Information shown:
::::

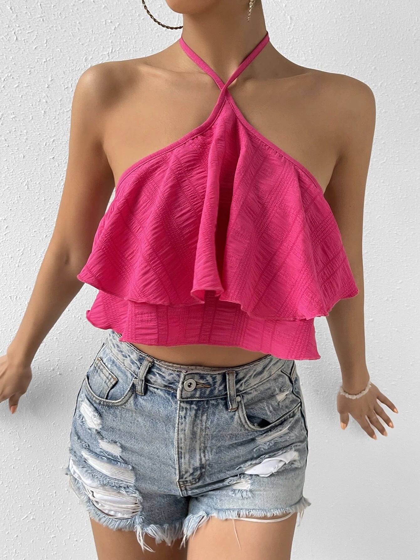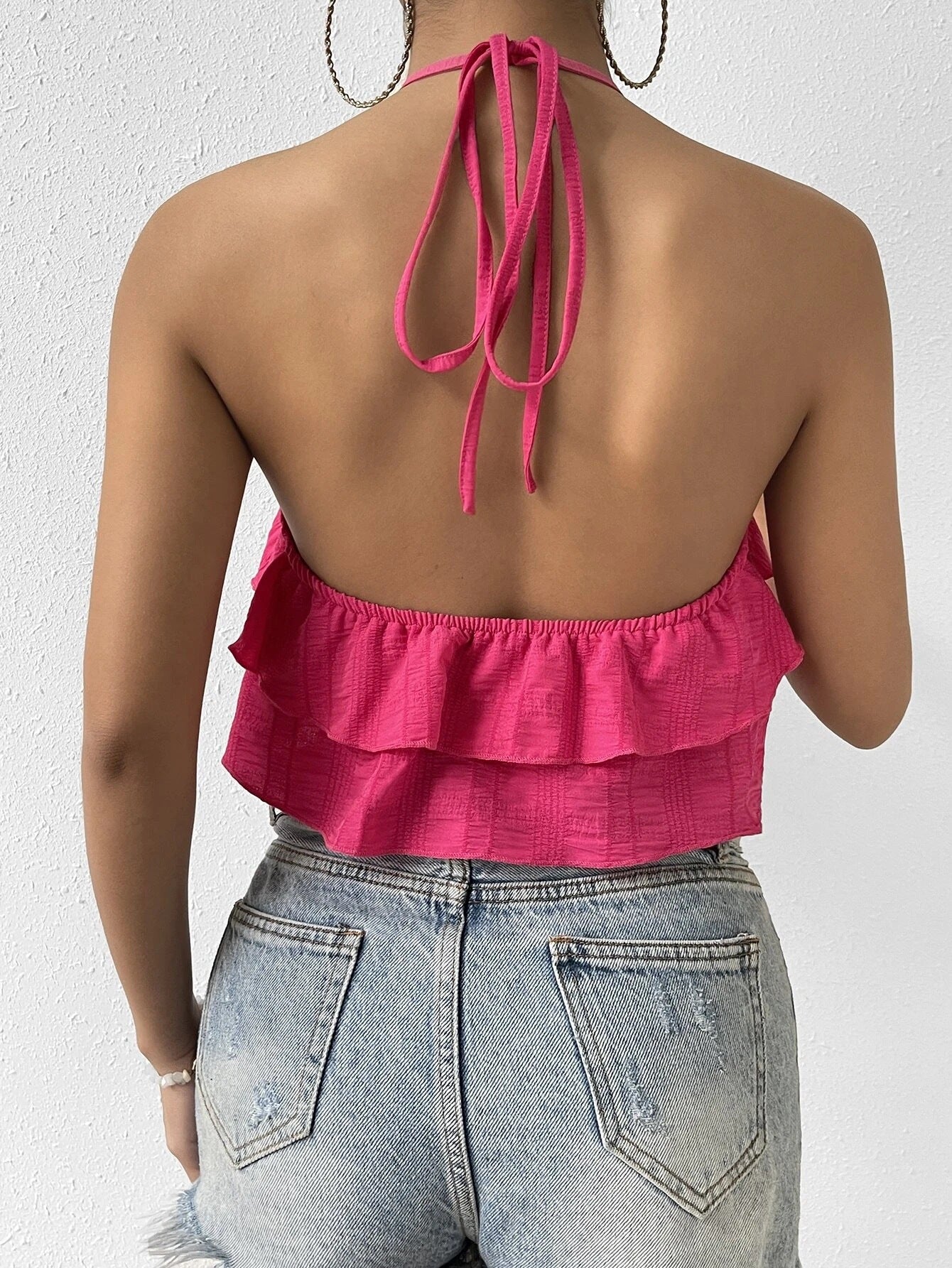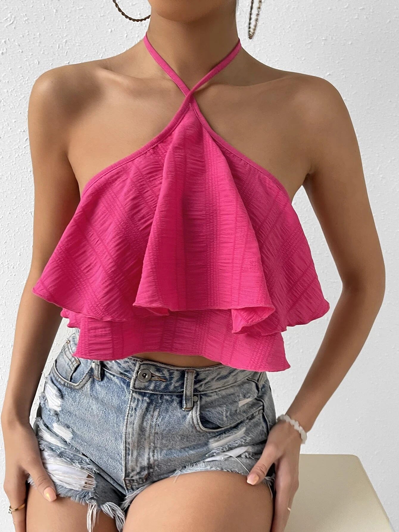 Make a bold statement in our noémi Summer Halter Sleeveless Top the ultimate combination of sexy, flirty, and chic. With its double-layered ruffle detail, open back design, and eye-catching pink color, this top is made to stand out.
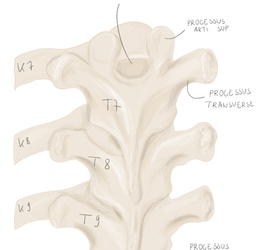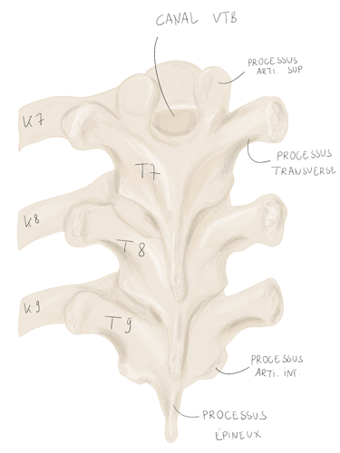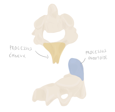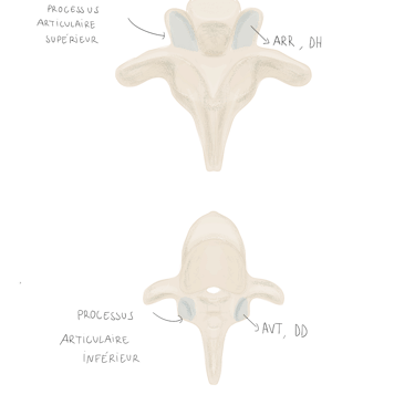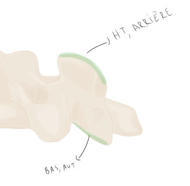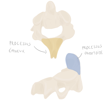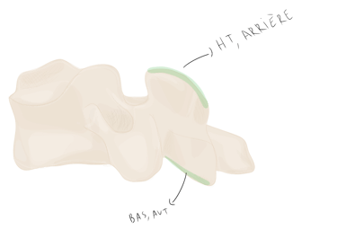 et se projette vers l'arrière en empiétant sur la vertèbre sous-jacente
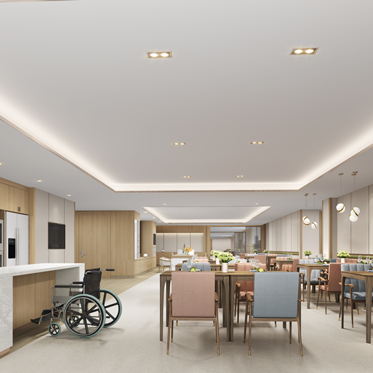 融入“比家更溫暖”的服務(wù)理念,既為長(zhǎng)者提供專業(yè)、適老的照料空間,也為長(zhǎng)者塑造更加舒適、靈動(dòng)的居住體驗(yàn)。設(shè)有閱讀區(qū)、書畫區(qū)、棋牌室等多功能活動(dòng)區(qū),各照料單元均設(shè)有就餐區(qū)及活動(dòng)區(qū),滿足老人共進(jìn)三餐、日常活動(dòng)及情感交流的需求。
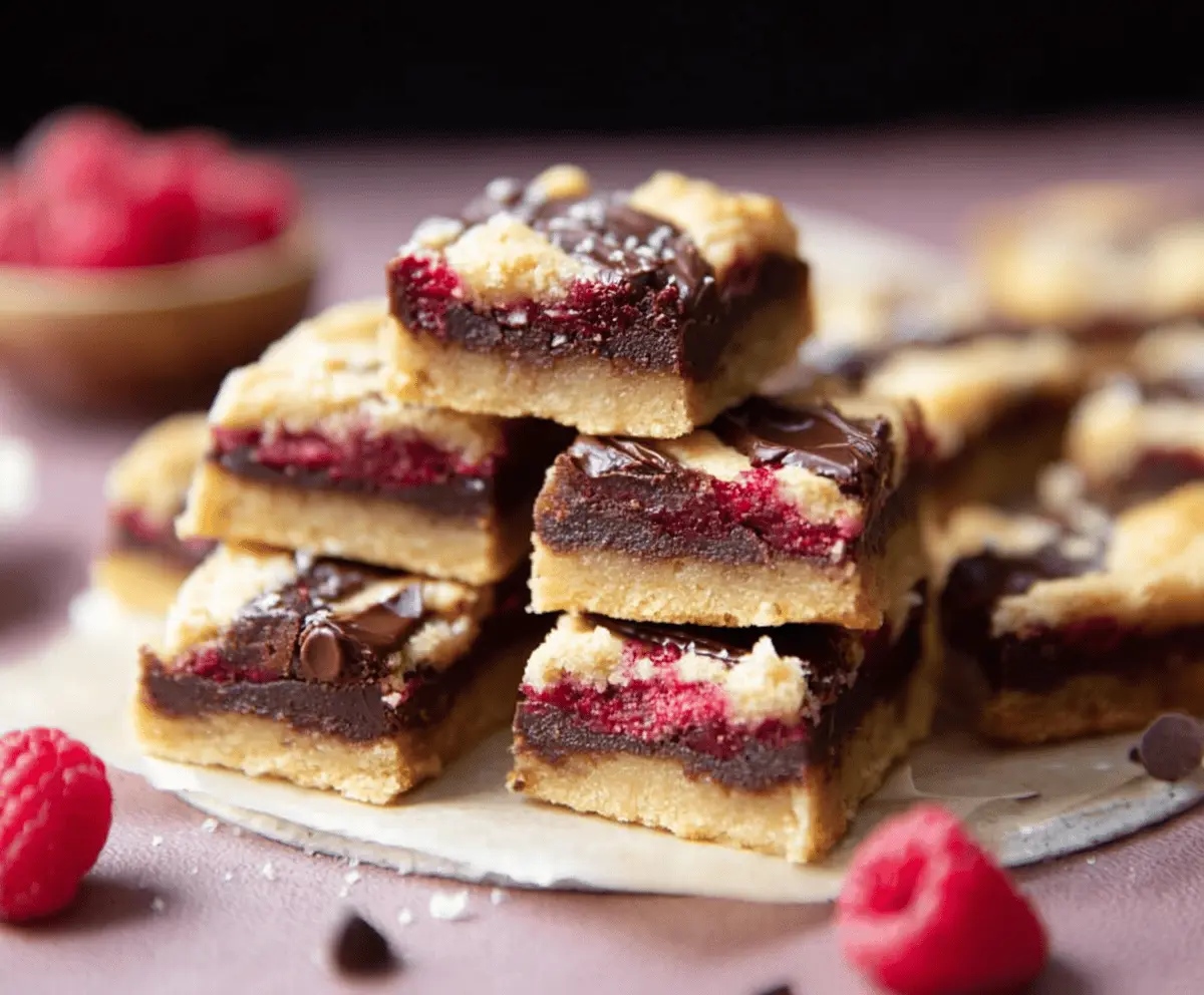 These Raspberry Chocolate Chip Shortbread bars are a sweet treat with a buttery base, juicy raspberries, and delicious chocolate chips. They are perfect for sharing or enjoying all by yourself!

::::

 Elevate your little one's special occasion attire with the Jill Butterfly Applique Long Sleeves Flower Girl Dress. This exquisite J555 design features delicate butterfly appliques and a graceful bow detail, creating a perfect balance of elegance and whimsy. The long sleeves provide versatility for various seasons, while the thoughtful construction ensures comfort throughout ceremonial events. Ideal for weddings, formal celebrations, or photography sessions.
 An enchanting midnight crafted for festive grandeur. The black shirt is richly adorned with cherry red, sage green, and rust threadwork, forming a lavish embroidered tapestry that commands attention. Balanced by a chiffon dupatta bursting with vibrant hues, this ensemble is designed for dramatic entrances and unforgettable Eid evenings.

::::

Work item:
The response must repeat exactly the lines above from the one with "Make a bold" through the one with "et se projette", including both, and must contain no pictures and no other text.

Task solution:
 Make a bold statement in our noémi Summer Halter Sleeveless Top the ultimate combination of sexy, flirty, and chic. With its double-layered ruffle detail, open back design, and eye-catching pink color, this top is made to stand out.
 et se projette vers l'arrière en empiétant sur la vertèbre sous-jacente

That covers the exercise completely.